Study Guide

A Vindication of the Rights of Woman Chapter 11

By Mary Wollstonecraft

Chapter 11

Duty to parents

  • For some reason, says Wollstonecraft, humanity is prone to laziness when it comes to thinking. No one likes to have to justify any decisions. They just want to act on habit, tradition, and authority so they won't have to think too much about anything.
  • Many parents are not willing to earn their children's respect. They demand it, and this creates a model of tyrannical authority that will poison a child's thinking for the rest of its life.
  • Wollstonecraft blames bad parents for a lot of bad that exists in the world.
  • Wollstonecraft thinks that young girls suffer from parents' tyranny even more than boys do. But in a good world, parents would calmly sit their children down and explain to them why they (the children) should follow the parents' advice until they (the children) have the ability to judge for themselves.
  • Everyone knows that it's easier to give a command than to give a reasoned argument for something.
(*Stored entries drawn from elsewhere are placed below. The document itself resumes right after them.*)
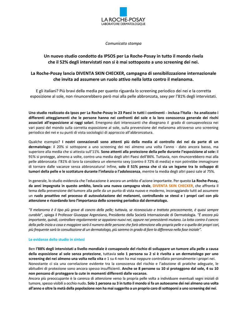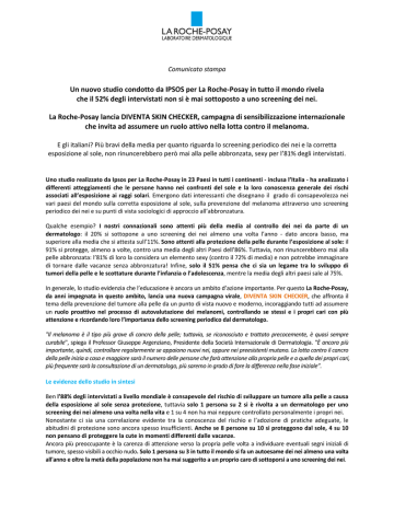 Comunicato stampa Un nuovo studio condotto da IPSOS per La Roche-Posay in tutto il mondo rivela che il 52% degli intervistati non si è mai sottoposto a uno screening dei nei. La Roche-Posay lancia DIVENTA SKIN CHECKER, campagna di sensibilizzazione internazionale che invita ad assumere un ruolo attivo nella lotta contro il melanoma. E gli italiani? Più bravi della media per quanto riguarda lo screening periodico dei nei e la corretta esposizione al sole, non rinuncerebbero però mai alla pelle abbronzata, sexy per l’81% degli intervistati. Uno studio realizzato da Ipsos per La Roche-Posay in 23 Paesi in tutti i continenti - inclusa l’Italia - ha analizzato i differenti atteggiamenti che le persone hanno nei confronti del sole e la loro conoscenza generale dei rischi associati all’esposizione ai raggi solari. Emergono dati interessanti che disegnano il grado di consapevolezza nei vari paesi del mondo sulla corretta esposizione al sole, sulla prevenzione del melanoma attraverso uno screening periodico dei nei e su punti di vista sociologici di approccio all’abbronzatura. Qualche esempio? I nostri connazionali sono attenti più della media al controllo dei nei da parte di un dermatologo: il 20% si sottopone a uno screening dei nei almeno una volta l’anno - dato ancora basso, ma superiore alla media che si attesta sull’11%. Sono attenti alla protezione della pelle durante l’esposizione al sole: il 91% si protegge, almeno a volte, contro una media degli altri Paesi dell’86%. Tuttavia, non rinuncerebbero mai alla pelle abbronzata: l’81% di loro la considera un elemento sexy (contro il 72% di media) e non potrebbe immaginare di tornare dalle vacanze senza abbronzatura! Infine, solo il 51% pensa che ci sia un legame tra lo sviluppo di tumori della pelle e le scottature durante l’infanzia o l’adolescenza, mentre la media degli altri paesi sale al 75%. In generale, lo studio evidenzia che l’educazione è ancora un ambito d’azione importante. Per questo La Roche-Posay, da anni impegnata in questo ambito, lancia una nuova campagna virale, DIVENTA SKIN CHECKER, che affronta il tema della prevenzione del tumore alla pelle da un punto di vista nuovo e moderno, incoraggiando tutti ad assumere un ruolo proattivo nel processo di autovalutazione dei melanomi, controllando se stessi e i propri cari con più attenzione e ricordando loro l’importanza dello screening periodico dal dermatologo. "Il melanoma è il tipo più grave di cancro della pelle; tuttavia, se riconosciuto e trattato precocemente, è quasi sempre curabile", spiega il Professor Giuseppe Argenziano, Presidente della Società Internazionale di Dermatologia. "È ancora più importante, quindi, controllare regolarmente se appaiono nuovi nei, oppure nei preesistenti mutano. La lotta contro il cancro della pelle inizia a casa e maggiore sarà il numero delle persone che farà attenzione alla propria pelle e a quella dei propri cari, più frequente sarà la consultazione di un dermatologo, più saremo in grado di fare la differenza nella fase iniziale”. Le evidenze dello studio in sintesi Ben l’88% degli intervistati a livello mondiale è consapevole del rischio di sviluppare un tumore alla pelle a causa della esposizione al sole senza protezione, tuttavia solo 1 persona su 2 si è rivolta a un dermatologo per uno screening dei nei almeno una volta nella vita e 1 su 4 non ha mai neppure controllato personalmente i propri nei. Nonostante ci sia una correlazione evidente tra la conoscenza del rischio e l’adozione di pratiche adeguate, le abitudini di protezione sono ancora spesso insufficienti. Anche se 8 persone su 10 si proteggono dal sole, 4 su 10 non pensano di proteggere la cute in momenti differenti dalle vacanze. Ancora più preoccupante è la carenza di attenzione verso la propria pelle volta a individuare eventuali segni iniziali di tumore, spesso visibili a occhio nudo. Solo 1 persona su 3 in tutto il mondo si fa un autoesame dei nei almeno una volta all'anno e oltre la metà della popolazione non ha mai suggerito a un proprio caro di sottoporsi a uno screening dei nei. Secondo Laïla Idtaleb, Director of Health Department di IPSOS, “questo studio ha evidenziato alcuni conflitti interni che riguardano gli intervistati: tra la consapevolezza dei rischi di un’esposizione non corretta e il desiderio di prendere il sole, ma anche tra la conoscenza dei segni di un potenziale tumore alla pelle e la reticenza nel sottoporsi sistematicamente e regolarmente a un controllo dei nei, sia in termini di autoesame che presso un dermatologo. L’indagine ha anche dimostrato che il risultato di queste contrapposizioni varia in base ai Paesi, al genere, al gruppo d'età e al livello di istruzione”. E gli Italiani? Siamo attenti più della media al controllo dei nei da parte di un dermatologo: il 20% si sottopone a uno screening dei nei almeno una volta l’anno - dato ancora basso, ma superiore alla media che è dell’11%. Inoltre il 43% controlla con un auto-esame i propri nei almeno una volta l’anno (vs 33%). Gli Italiani si sono dimostrati attenti alla protezione della propria pelle durante l’esposizione al sole, dal momento che il 91% si protegge, almeno a volte, contro un dato medio degli altri paesi dell’86%. La crema solare è lo strumento più utilizzato: la applica regolarmente sul corpo il 75% dei soggetti (contro una media del 59%) e sul volto il 69% (vs. 57%). Utilizzano invece con poca frequenza gli accessori (occhiali da sole, cappello, ecc.), importanti per proteggere pelle e occhi. Gli Italiani non rinuncerebbero mai alla pelle abbronzata: l’81% la considera un elemento sexy (contro il 72% di media) e non potrebbero mai immaginare di tornare dalle vacanze senza abbronzatura! Rispetto agli altri Paesi, gli Italiani hanno un livello minore di conoscenza dei potenziali rischi legati ad una scorretta esposizione al sole: l’82% degli intervistati pensa che la possibilità di sviluppare un melano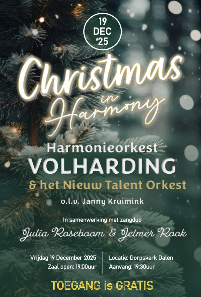 Vier de magie van kerst samen met ons tijdens een sfeervol kerstconcert in onze Dorpskerk. Het zangduo Julia Roseboom en Jelmer Rook zorgt voor een extra feestelijke sfeer met prachtige vocale bijdragen. Laat je meevoeren door muziek die verbindt en verwarmt. Iedereen welkom! | ||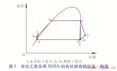 有機工質采用R245fa的有機朗肯循環(huán)溫一熵圖見圖3。1-2為工質在透平內實際膨脹做功過程,1-2s為工質在透平內等熵膨脹做功過程;2(2s)-3-4為工質在冷凝器中的定壓(也定溫)的冷凝過程;4-5為工質在工質泵中實際壓縮過程,4-5s為工質在工質泵中的等熵壓縮過程;5(5s)-6為工質在蒸發(fā)器內由未飽和狀態(tài)定壓加熱到飽和狀態(tài)過程;6-1為工質在蒸發(fā)器內由飽和液態(tài)加熱到飽和氣態(tài)過程。在熱力學模型建立過程中,進行以下設定:忽略管道、蒸發(fā)器、冷凝器中工質的壓降,每個組成部件認為是一個穩(wěn)態(tài)穩(wěn)定流動的單元。
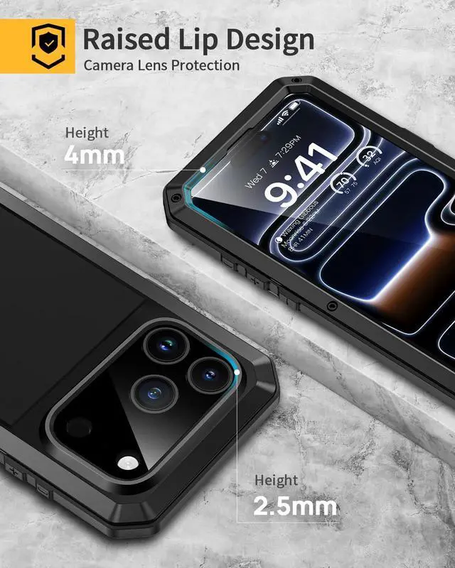 ![Alt view image 7 of 7 - _Mega Brand for iPhone 17 Pro Metal Case, Built-in Glass Screen Protector, Heavy Duty Shockproof Case [Military-Grade Full Protective] Tough Rugged Phone Cover for iPhone 17 Pro 6.3", Black](https://c1.neweggimages.com/productimage/nb640/C0NDD2510110GELD3FF.jpg)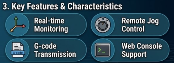 - Real-time Monitoring: Check Work Position (WPos) and Machine Position (MPos) in real-time over the network.

But then again, it's easier to eat pizza than broccoli, too. But the second is much better for you in the long run.
  • Giving commands also teaches people the terrible habit of governing according to moods. In other words, parents are more likely to punish kids based on what mood they're in instead of handing out punishments that are rational and appropriate.
  • Wollstonecraft angers a lot of her readers when she says that children should be taught to see and acknowledge their parents' shortcomings and insecurities. It's not until children and parents can speak to each other as rational beings, blending love and esteem, that future societies will be filled with better people.